Porta-Etessam J, Dalmau J
Departamento de Neurología, Memorial Sloan-Kettering Cancer Center, New York, NY 10021, USA.
Neurologia. 1999 Jun-Jul;14(6):266-74.
To determine the reasons for consultation to the neurology service in a cancer center.
A retrospective examination of all neurology consultations over a 3-month period.
A total of 247 patients were examined. The most frequent symptoms included, pain (34%), motor weakness (25%) and altered mental status (22%). The most frequent diagnoses were spinal cord compression (18%), brain metastases (15%), metabolic and/or toxic encephalopathies (14%) and stroke (7%). Spinal cord compression was demonstrated in 50% of patients with back pain or radiculopathy. Pain and motor weakness resulted from metastatic complications in 75% and 69% of the cases, respectively; however, only 18% of the cases of altered mental functions resulted from metastatic complications. At the time of the neurology consultation, 41% of the patients were receiving corticosteroids and 43% suffered from one or more of its adverse effects. The diagnostic test most frequently requested by the neurologist was the MRI. In 101 patients the neurological symptoms were followed for at least 5 days; when the cause of the neurological deficit was a metastatic complication, the effect of the treatment was evaluated one month later. Overall, 64% of the patients with metastatic complications improved with treatment, 19% remained stable, and 17% worsened or died.

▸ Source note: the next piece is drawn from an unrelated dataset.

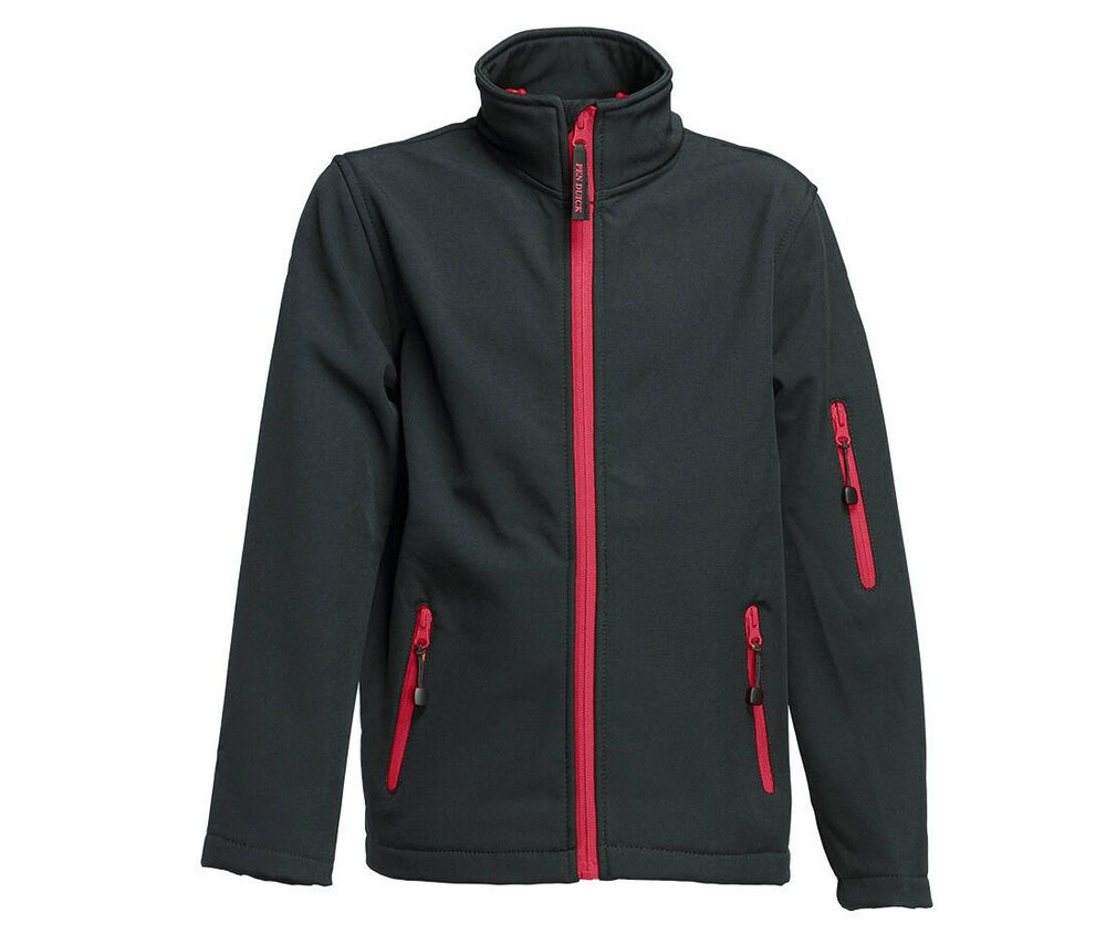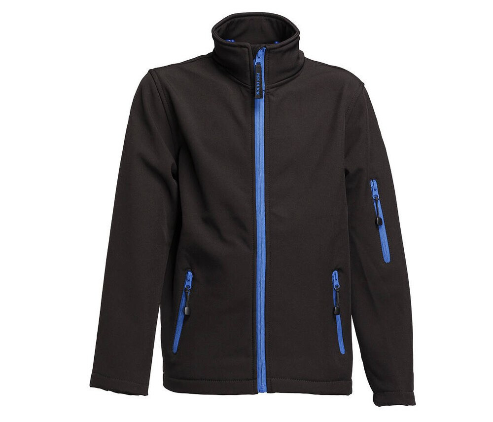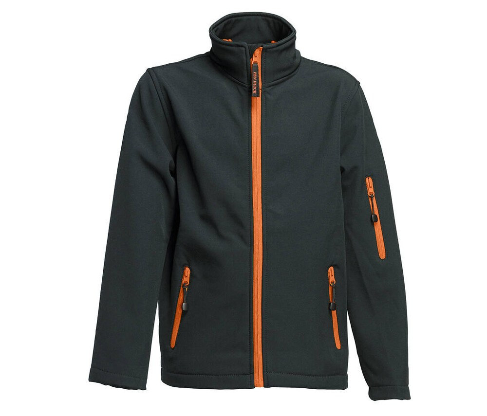 95% polyester / 5% elastane. 3 layer bonded fabric. Lightweight. Windproof, waterproof & breathable. Open hem & cuffs. Inner storm flap with chin guard. 2 front zip pocket with zip puller. Sleeve pocket with zip puller.

In a cancer center, the three symptoms that most frequently resulted in neurologic consultation were pain, motor weakness, and altered mental status. These were most commonly due to brain or epidural metastases, toxic and/or metabolic encephalopathy, and stroke. The use of neuroimaging does not appear to replace the need for neurologic consultation. The neurologist assists in establishing the diagnosis and initiating the appropriate treatment. In this study, two out of three patients improved after treatment of the neurologic deficit.
确定癌症中心神经科会诊的原因。
对3个月期间所有神经科会诊进行回顾性检查。
共检查了247例患者。最常见的症状包括疼痛(34%)、运动无力(25%)和精神状态改变(22%)。最常见的诊断为脊髓压迫症(18%)、脑转移瘤(15%)、代谢性和/或中毒性脑病(14%)以及中风(7%)。50%有背痛或神经根病的患者证实存在脊髓压迫症。疼痛和运动无力分别有75%和69%是由转移并发症引起的;然而,精神功能改变的病例中只有18%是由转移并发症引起的。在进行神经科会诊时,41%的患者正在接受皮质类固醇治疗,43%的患者出现了一种或多种不良反应。神经科医生最常要求的诊断检查是磁共振成像(MRI)。101例患者的神经症状至少随访了5天;当神经功能缺损的原因是转移并发症时,在1个月后评估治疗效果。总体而言,64%有转移并发症的患者经治疗后病情改善,19%病情稳定,17%病情恶化或死亡。
在癌症中心,最常导致神经科会诊的三种症状是疼痛、运动无力和精神状态改变。这些最常见的原因是脑或硬膜外转移瘤、中毒性和/或代谢性脑病以及中风。神经影像学检查似乎并不能取代神经科会诊的必要性。神经科医生有助于确立诊断并启动适当的治疗。在本研究中,三分之二的患者在神经功能缺损得到治疗后病情改善。